## Assigned task:
In the copy you make of the entries, no picture should appear, and every word must match.

[Records from a collection]
[Start of Attachment]

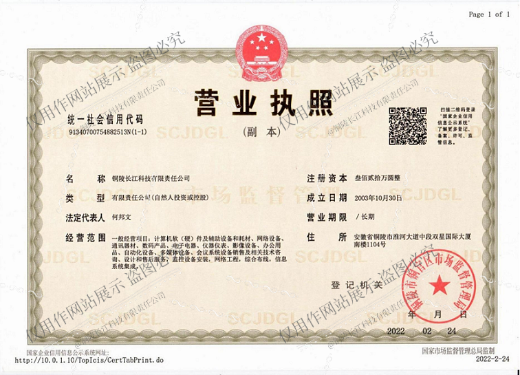 公司:銅陵長(zhǎng)江科技有限責(zé)任公司    電話:0562-2876699    地址:銅陵市淮河大道中段雙星國(guó)際大廈南樓1104號(hào)
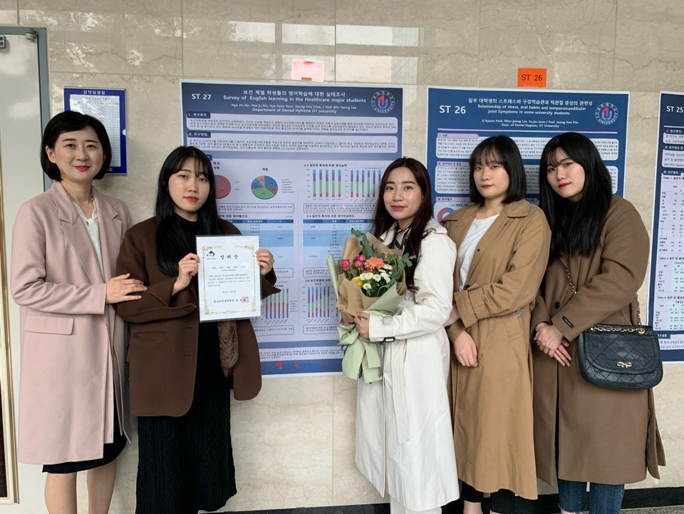 지난 11월 2일(토) 3,4학년 학생들은 ‘2019 한국치위생학회 종합학술대회'에 참석 하였습니다. 우리학교는 이번 학술대회 학생 포스터 경진대회에 4학년 5개 팀이 참여하여 ‘장애인 구강보건교육 자료에 대한 실태조사’라는 주제로 '김주희, 김희연, 정예연, 지도현'(지도교수 유자혜) 팀이 대상을 수상하였으며, 이외에도 '이혜진, 연혜선, 채승희(지도교수 이민영)', '박지현, 이우정, 전수진'(지도교수 김정희) 팀이 장려상을 수상하는 좋은 결과를 얻었습니다. 이에 대상을 수상한 우리학교는 학생 포스터 경진대회에 참여한 전국의 치위생학과 약 40여개팀을 대표하여 구연발표를 하였습니다. 우리학교 치위생학과가 앞으로도 꾸준히 치위생학 발전에 기여하며 학교를 빛내기를 바랍니다^^
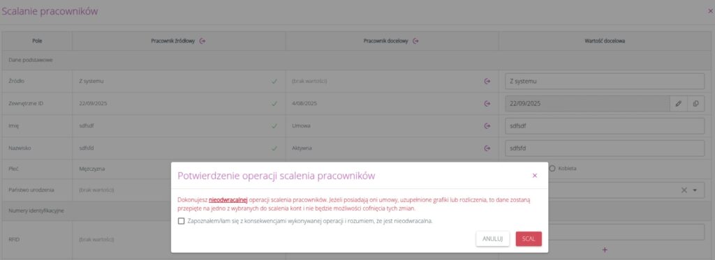 Podczas operacji scalania pracowników wprowadzono dwa udoskonalenia:
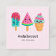 Affärskort med illustration av tre olika glassbehandlingar. En blå grönt med jordgubbsborrningar och färgstarka sprinkler. En vattenmelonpopsikel. En kon med lagrar av delikat glass i rosa och mynta. Alla med söta kawaii-leenden.
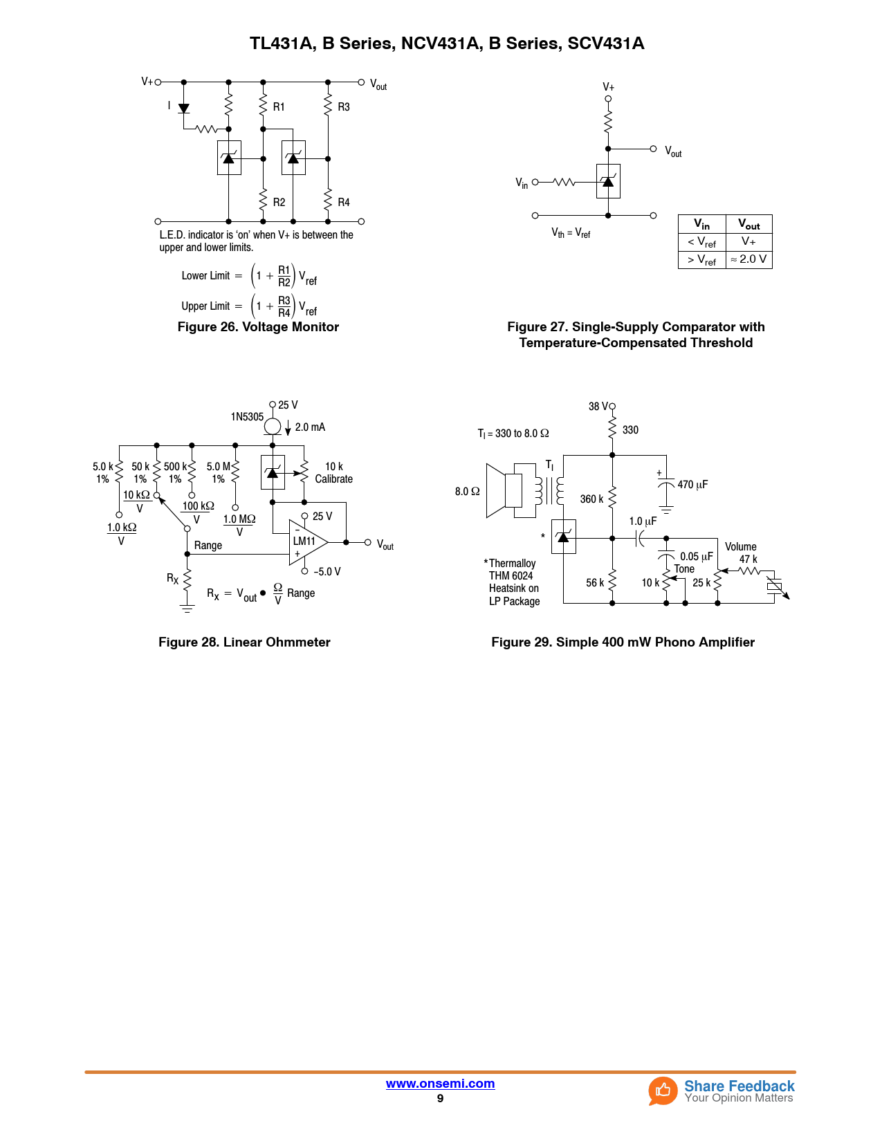 Figure 28. Linear Ohmmeter Figure 29. Simple 400 mW Phono Amplifier www.onsemi.com Share Feedback 9
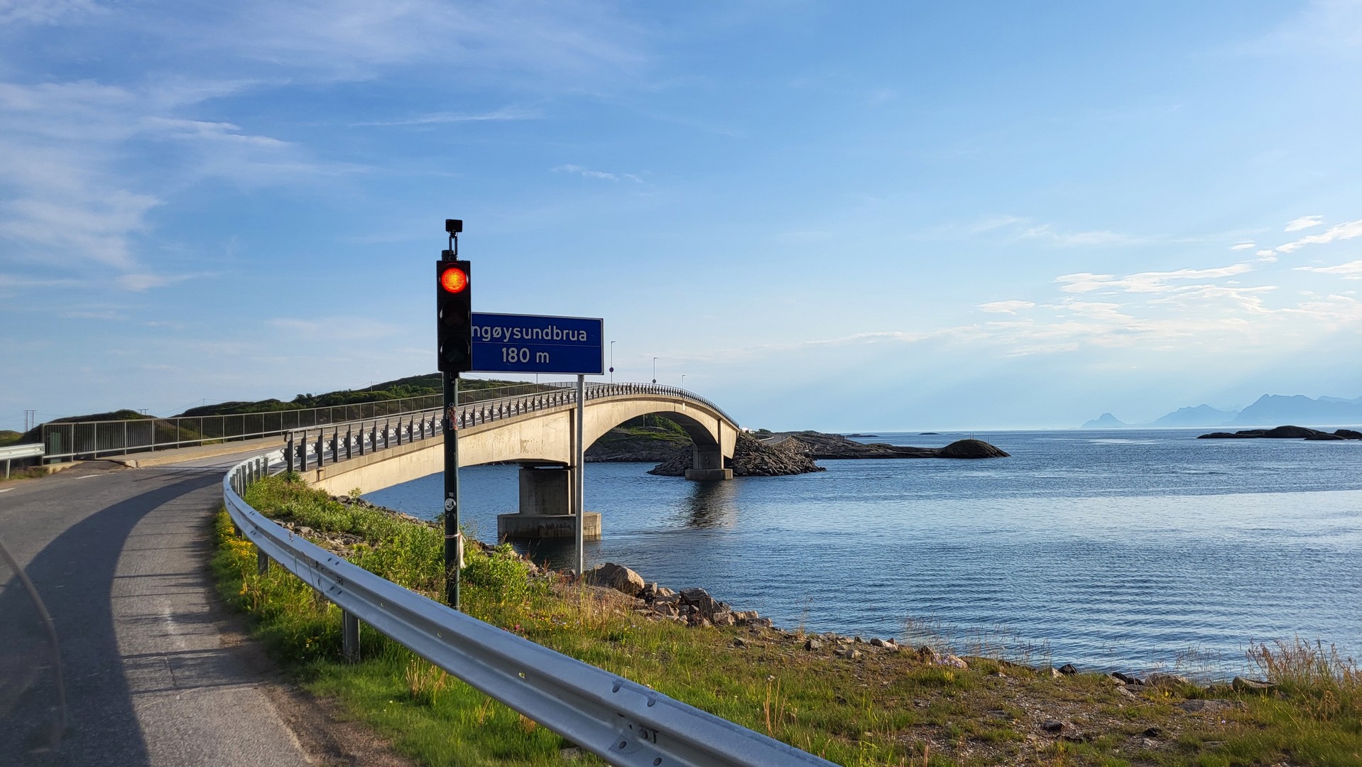 Po zjechaniu z Andøyi mamy przed sobą 113 km do mostu Raftsund, przez który wjedziemy na Lofoty. Most sam w sobie robi wrażenie, więc zjeżdżamy w boczną drogę, by zobaczyć go w całej okazałości.
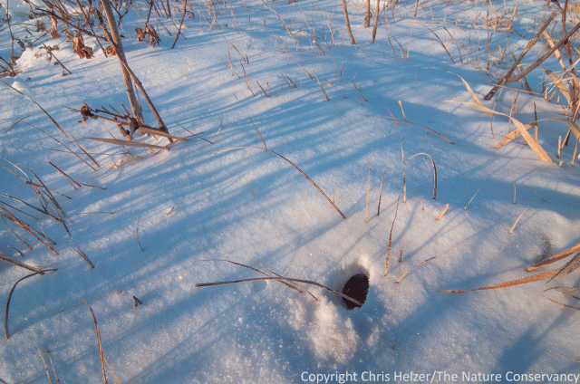 As I said at the beginning of this post, I’m no expert on winter survival, especially by birds and small mammals. I do, though, enjoy trying to figure out what I can learn through observation, and snow is really helpful in that venture. Last week’s snow is melting fast now, but I’m hoping for a few more chances to explore later this winter. If anyone can help me interpret what I saw in these photos, I’d sure appreciate it!
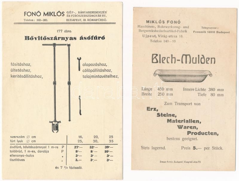Fonó Miklós gép-, bányaberendezés és fúrószerszámgyár rt. - 2 db régi ... https://www.darabanth.com/hu/423-Gyorsarveres/423.0/Kepeslapok/Reklam~1500083/Fono-Miklos-gep-banyaberendezes-es-furoszerszamgyar-rt-2-db-regi-reklam-kepeslap~II2593794

[End of Attachment]

## Response below:
 公司:銅陵長(zhǎng)江科技有限責(zé)任公司    電話:0562-2876699    地址:銅陵市淮河大道中段雙星國(guó)際大廈南樓1104號(hào)
 지난 11월 2일(토) 3,4학년 학생들은 ‘2019 한국치위생학회 종합학술대회'에 참석 하였습니다. 우리학교는 이번 학술대회 학생 포스터 경진대회에 4학년 5개 팀이 참여하여 ‘장애인 구강보건교육 자료에 대한 실태조사’라는 주제로 '김주희, 김희연, 정예연, 지도현'(지도교수 유자혜) 팀이 대상을 수상하였으며, 이외에도 '이혜진, 연혜선, 채승희(지도교수 이민영)', '박지현, 이우정, 전수진'(지도교수 김정희) 팀이 장려상을 수상하는 좋은 결과를 얻었습니다. 이에 대상을 수상한 우리학교는 학생 포스터 경진대회에 참여한 전국의 치위생학과 약 40여개팀을 대표하여 구연발표를 하였습니다. 우리학교 치위생학과가 앞으로도 꾸준히 치위생학 발전에 기여하며 학교를 빛내기를 바랍니다^^
 Podczas operacji scalania pracowników wprowadzono dwa udoskonalenia:
 Affärskort med illustration av tre olika glassbehandlingar. En blå grönt med jordgubbsborrningar och färgstarka sprinkler. En vattenmelonpopsikel. En kon med lagrar av delikat glass i rosa och mynta. Alla med söta kawaii-leenden.
 Figure 28. Linear Ohmmeter Figure 29. Simple 400 mW Phono Amplifier www.onsemi.com Share Feedback 9
 Po zjechaniu z Andøyi mamy przed sobą 113 km do mostu Raftsund, przez który wjedziemy na Lofoty. Most sam w sobie robi wrażenie, więc zjeżdżamy w boczną drogę, by zobaczyć go w całej okazałości.
 As I said at the beginning of this post, I’m no expert on winter survival, especially by birds and small mammals. I do, though, enjoy trying to figure out what I can learn through observation, and snow is really helpful in that venture. Last week’s snow is melting fast now, but I’m hoping for a few more chances to explore later this winter. If anyone can help me interpret what I saw in these photos, I’d sure appreciate it!
Fonó Miklós gép-, bányaberendezés és fúrószerszámgyár rt. - 2 db régi ... https://www.darabanth.com/hu/423-Gyorsarveres/423.0/Kepeslapok/Reklam~1500083/Fono-Miklos-gep-banyaberendezes-es-furoszerszamgyar-rt-2-db-regi-reklam-kepeslap~II2593794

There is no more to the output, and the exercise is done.